From the records below, extract only the lines running from the line with "二级市场上,截至6月30日收" to the line with "Vi har forsøgt", both lines included, reproducing them exactly.

Data section: Begin

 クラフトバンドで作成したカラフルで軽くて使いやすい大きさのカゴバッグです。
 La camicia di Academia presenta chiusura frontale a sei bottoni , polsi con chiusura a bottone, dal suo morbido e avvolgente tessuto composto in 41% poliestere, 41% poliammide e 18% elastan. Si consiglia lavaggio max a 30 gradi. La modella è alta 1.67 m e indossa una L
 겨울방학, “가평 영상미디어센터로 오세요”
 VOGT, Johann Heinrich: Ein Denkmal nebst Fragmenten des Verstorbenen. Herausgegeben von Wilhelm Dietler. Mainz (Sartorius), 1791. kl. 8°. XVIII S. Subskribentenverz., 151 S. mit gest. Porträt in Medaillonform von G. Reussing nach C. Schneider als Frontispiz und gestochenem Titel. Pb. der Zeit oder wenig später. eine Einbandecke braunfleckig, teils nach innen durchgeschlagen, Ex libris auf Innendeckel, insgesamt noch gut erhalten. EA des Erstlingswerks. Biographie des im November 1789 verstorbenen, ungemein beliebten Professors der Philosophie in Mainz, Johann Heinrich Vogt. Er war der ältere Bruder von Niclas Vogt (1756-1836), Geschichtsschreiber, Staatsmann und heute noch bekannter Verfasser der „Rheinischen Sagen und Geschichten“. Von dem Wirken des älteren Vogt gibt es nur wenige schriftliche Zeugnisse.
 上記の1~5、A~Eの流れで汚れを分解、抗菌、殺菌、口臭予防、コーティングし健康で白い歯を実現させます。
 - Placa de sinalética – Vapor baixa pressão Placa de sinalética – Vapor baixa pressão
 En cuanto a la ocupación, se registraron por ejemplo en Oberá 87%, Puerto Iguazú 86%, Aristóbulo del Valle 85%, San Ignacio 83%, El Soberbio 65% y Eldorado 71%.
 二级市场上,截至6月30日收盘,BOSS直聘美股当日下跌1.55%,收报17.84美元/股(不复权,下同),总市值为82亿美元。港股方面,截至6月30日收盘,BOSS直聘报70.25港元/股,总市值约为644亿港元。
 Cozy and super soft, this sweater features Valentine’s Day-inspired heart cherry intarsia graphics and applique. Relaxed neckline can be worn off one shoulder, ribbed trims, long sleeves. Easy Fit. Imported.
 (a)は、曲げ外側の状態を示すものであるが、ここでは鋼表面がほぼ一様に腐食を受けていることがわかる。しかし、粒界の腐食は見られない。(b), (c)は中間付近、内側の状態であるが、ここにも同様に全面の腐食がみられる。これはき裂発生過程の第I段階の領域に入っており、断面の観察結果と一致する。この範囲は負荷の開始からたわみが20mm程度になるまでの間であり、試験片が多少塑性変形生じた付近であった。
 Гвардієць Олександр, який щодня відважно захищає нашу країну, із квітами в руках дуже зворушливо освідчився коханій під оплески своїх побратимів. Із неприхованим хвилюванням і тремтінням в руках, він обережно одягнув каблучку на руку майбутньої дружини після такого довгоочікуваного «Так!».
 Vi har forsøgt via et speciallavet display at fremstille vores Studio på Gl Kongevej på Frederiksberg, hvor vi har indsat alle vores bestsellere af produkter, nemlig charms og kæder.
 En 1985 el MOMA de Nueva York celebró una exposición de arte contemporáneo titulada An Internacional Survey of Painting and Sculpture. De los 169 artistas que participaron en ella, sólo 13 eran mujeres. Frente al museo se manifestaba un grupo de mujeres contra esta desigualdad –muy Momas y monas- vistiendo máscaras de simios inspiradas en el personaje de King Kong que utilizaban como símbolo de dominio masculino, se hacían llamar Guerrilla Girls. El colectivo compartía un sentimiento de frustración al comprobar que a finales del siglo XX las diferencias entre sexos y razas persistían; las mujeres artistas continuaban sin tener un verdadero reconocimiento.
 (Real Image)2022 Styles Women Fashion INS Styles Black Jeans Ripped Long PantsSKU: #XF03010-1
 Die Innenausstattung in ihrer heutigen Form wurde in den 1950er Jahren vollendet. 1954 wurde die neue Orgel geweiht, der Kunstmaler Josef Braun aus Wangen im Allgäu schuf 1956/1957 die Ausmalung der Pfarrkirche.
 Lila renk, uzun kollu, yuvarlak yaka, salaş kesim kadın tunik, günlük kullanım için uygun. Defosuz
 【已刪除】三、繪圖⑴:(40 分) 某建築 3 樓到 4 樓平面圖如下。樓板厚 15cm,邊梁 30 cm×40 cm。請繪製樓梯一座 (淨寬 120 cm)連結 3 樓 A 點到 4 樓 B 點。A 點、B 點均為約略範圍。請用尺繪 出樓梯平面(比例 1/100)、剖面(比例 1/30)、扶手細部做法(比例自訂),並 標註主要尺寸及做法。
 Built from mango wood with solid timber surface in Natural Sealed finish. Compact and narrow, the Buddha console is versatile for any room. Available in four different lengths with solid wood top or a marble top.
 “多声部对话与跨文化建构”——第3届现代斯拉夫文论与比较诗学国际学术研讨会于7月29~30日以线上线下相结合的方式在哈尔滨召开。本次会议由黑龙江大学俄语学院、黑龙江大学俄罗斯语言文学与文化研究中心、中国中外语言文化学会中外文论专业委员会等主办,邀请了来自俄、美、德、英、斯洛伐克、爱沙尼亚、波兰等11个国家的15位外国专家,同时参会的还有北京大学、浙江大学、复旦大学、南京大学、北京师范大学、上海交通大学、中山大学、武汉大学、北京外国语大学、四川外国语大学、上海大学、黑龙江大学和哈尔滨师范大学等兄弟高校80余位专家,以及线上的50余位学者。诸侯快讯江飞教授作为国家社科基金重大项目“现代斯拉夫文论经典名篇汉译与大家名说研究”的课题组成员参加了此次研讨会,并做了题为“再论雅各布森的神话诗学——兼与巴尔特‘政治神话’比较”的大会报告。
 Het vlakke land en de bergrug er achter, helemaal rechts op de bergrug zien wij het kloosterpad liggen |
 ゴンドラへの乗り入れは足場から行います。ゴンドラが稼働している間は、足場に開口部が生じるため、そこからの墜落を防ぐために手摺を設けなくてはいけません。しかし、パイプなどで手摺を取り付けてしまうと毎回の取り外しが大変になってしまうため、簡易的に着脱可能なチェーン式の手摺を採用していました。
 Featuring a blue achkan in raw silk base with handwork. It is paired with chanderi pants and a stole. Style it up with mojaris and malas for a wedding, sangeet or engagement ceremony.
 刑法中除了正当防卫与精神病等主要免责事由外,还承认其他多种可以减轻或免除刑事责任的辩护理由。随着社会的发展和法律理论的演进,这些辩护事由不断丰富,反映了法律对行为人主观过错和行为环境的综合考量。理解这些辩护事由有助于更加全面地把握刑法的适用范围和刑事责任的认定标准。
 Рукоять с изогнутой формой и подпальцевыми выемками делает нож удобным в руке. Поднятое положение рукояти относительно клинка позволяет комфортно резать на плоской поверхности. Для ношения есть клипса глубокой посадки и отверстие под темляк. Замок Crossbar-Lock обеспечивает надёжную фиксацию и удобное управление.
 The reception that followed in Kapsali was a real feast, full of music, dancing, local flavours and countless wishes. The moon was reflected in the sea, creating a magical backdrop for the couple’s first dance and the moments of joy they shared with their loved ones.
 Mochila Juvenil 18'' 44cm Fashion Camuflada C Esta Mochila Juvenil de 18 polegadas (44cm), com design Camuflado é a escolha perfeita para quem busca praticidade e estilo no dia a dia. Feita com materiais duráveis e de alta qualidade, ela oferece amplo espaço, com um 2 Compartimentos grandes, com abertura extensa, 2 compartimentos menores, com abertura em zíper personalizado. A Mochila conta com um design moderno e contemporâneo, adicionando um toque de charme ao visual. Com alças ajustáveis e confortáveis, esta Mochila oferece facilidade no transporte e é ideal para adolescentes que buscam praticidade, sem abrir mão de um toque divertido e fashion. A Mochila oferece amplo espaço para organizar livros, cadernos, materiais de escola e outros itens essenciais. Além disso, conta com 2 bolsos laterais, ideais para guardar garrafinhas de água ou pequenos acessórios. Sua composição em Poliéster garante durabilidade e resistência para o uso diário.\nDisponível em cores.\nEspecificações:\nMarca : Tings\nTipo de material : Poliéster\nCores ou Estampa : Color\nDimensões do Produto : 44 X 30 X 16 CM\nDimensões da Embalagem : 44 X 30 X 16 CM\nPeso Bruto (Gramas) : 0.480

Data section: End

**Response to this task**
 二级市场上,截至6月30日收盘,BOSS直聘美股当日下跌1.55%,收报17.84美元/股(不复权,下同),总市值为82亿美元。港股方面,截至6月30日收盘,BOSS直聘报70.25港元/股,总市值约为644亿港元。
 Cozy and super soft, this sweater features Valentine’s Day-inspired heart cherry intarsia graphics and applique. Relaxed neckline can be worn off one shoulder, ribbed trims, long sleeves. Easy Fit. Imported.
 (a)は、曲げ外側の状態を示すものであるが、ここでは鋼表面がほぼ一様に腐食を受けていることがわかる。しかし、粒界の腐食は見られない。(b), (c)は中間付近、内側の状態であるが、ここにも同様に全面の腐食がみられる。これはき裂発生過程の第I段階の領域に入っており、断面の観察結果と一致する。この範囲は負荷の開始からたわみが20mm程度になるまでの間であり、試験片が多少塑性変形生じた付近であった。
 Гвардієць Олександр, який щодня відважно захищає нашу країну, із квітами в руках дуже зворушливо освідчився коханій під оплески своїх побратимів. Із неприхованим хвилюванням і тремтінням в руках, він обережно одягнув каблучку на руку майбутньої дружини після такого довгоочікуваного «Так!».
 Vi har forsøgt via et speciallavet display at fremstille vores Studio på Gl Kongevej på Frederiksberg, hvor vi har indsat alle vores bestsellere af produkter, nemlig charms og kæder.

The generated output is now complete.